Jennifer Lopez is teaming up with another female director. The multi-hyphenate scored her biggest live-action opening of all-time and career-best reviews in Lorene Scafaria’s “Hustlers,” and is currently in post-production on Kat Coiro’s “Marry Me.” Now Deadline is reporting that Emmy winner Reed Morano is in talks to helm Lopez’s next pic, “The Godmother,” an STXfilms crime drama inspired by real-life Colombian drug lord Griselda Blanco. Lopez has been attached to the project, which was originally in development at HBO, for nearly four years.
Known as the “Cocaine Godmother,” Blanco was an infamous cartel leader who streamlined the U.S. cocaine market in the ’70s and ’80s. Also called the “Black Widow,” it’s believed Blanco ordered over 200 murders during her reign. She “reportedly was worth more than $2 billion, and was a key figurehead in Miami’s bloody Cocaine Cowboy Wars,” Deadline details.
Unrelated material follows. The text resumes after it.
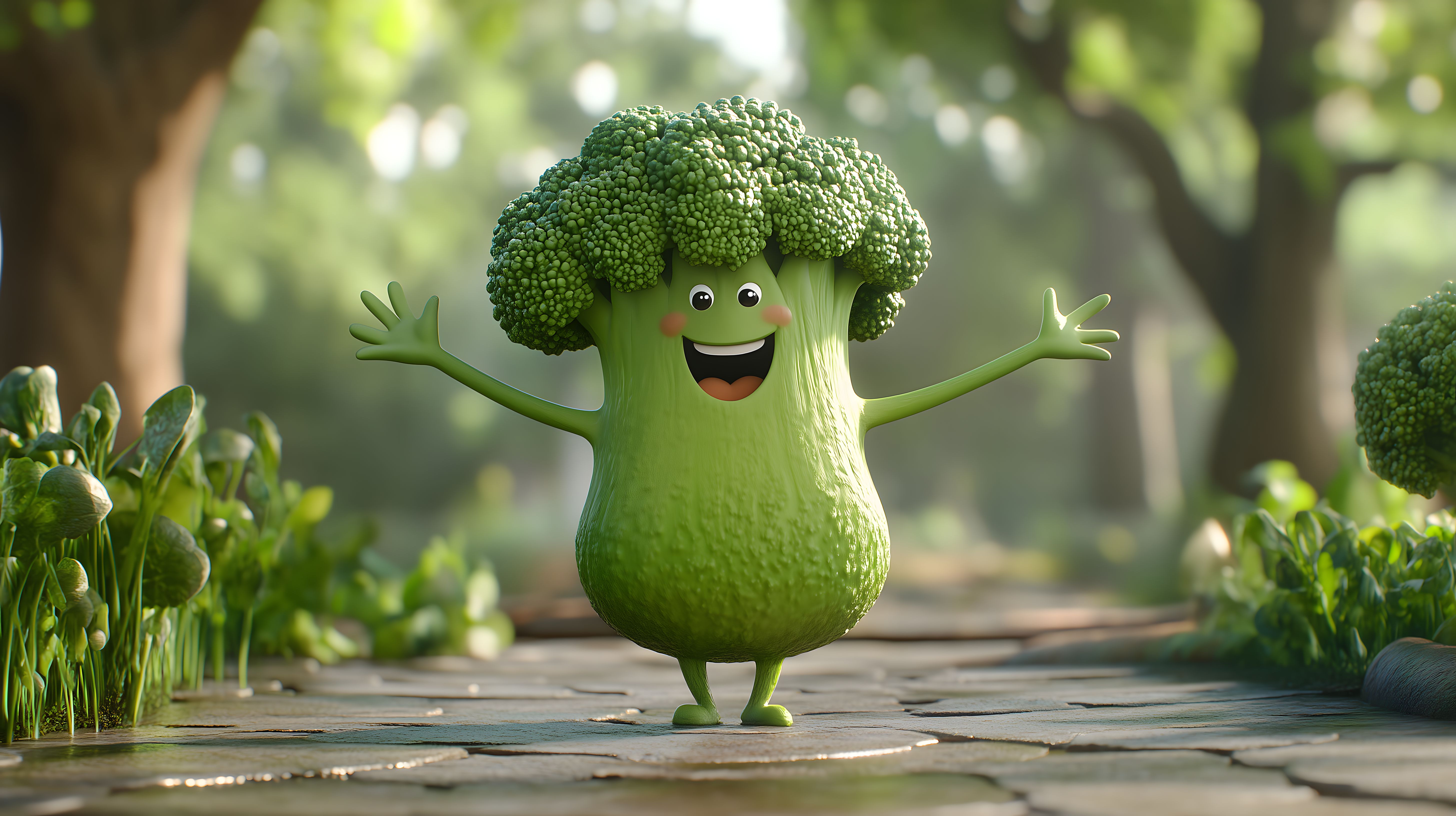 Das Bild zeigt eine lebendige und fröhliche 3D-Cartoon-Darstellung eines Broccoli-Gemüses. Die Figur ist in einem warmen, grünen Farbton gehalten und hat ein breites Lächeln, sowie winkende Arme. Sie steht auf einem Pflasterweg in einer naturnahen Umgebung mit Bäumen und weiteren Gemüsepflanzen im Hintergrund. Die heitere und humorvolle Darstellung des ansonsten oft als trocken wahrgenommenen Broccoli macht das Bild ideal für den Einsatz in Blogs, Newslettern, Social-Media-Posts oder Werbekampagnen zu den Themen gesunde Ernährung, Vegetarismus und Nachhaltigkeit. Das Foto ist in hoher Auflösung verfügbar und kann unter der Creative-Commons-Lizenz kostenfrei verwendet werden.

Regina Corrado and Terry Winter penned the script for “The Godmother,” and William Monahan is in talks to do rewrites. Lopez is among the project’s producers.
“Hustlers,” which grossed over $104 million domestically, is based on a true story and revisits how coworkers at a strip club banded together to steal tens of thousands of dollars from their Wall Street clients. Lopez will play a pop star who discovers her rocker fiancé cheated — right before she’s about to marry him onstage at Madison Square Garden — in “Marry Me.” She reacts by pulling a rando (Owen Wilson) out of the audience to wed instead.
Morano, who most recently helmed Blake Lively-starrer “The Rhythm Section,” took home an Emmy for her directing on “The Handmaid’s Tale.” Her packed slate includes “Sabaya,” a fact-based CIA thriller starring Zoe Saldana, and three Amazon series: “Pretty Things,” “The Power,” and “Stolen Kids of Sarah Lawrence.” “Pretty Things” is a thriller that tells the story of a grifter who befriends a wealthy influencer. An adaptation of Naomi Alderman’s novel of the same name, “The Power” is about a world where girls and women develop the power to harness electricity and shock people at will. “Stolen Kids of Sarah Lawrence” is based on the New York Magazine story detailing an abusive sex cult that rocked Sarah Lawrence College.